Please let me know your town name + char!


----------



## Ireuna (Mar 28, 2020)

Gracelia said:


> Ready for Roar + Ireuna
> 
> Going to PM you shortly! If anyone else posts shortly after this, I'll add you into the group.
> 
> ...


Penguin from sumikko


----------



## Gracelia (Mar 28, 2020)

Gates are opened for you two.


----------



## Hermione Granger (Mar 28, 2020)

Are you still accepting people? If not, that is fine!


----------



## Gracelia (Mar 28, 2020)

Hermione Granger said:


> Are you still accepting people? If not, that is fine!

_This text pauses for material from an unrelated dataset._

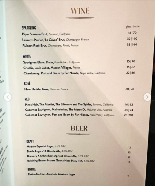 You can get some classic cocktails here such as martinis and an Old Fashioned. Or try one of their custom cocktails like the Bramble, Derby, or Aviation.

Will PM you. After this I am done for now~ Thank you all!


----------



## Roar (Mar 28, 2020)

Thank you so very much! Extremely kind of you, much appreciated!


----------



## Hermione Granger (Mar 28, 2020)

Gracelia said:


> Will PM you. After this I am done for now~ Thank you all!



Thank you! ;v;


----------



## Gracelia (Mar 28, 2020)

Roar said:


> Thank you so very much! Extremely kind of you, much appreciated!



Did you manage to come over? I know Ireuna did o: I'll be opened few more minutes for the last two.


----------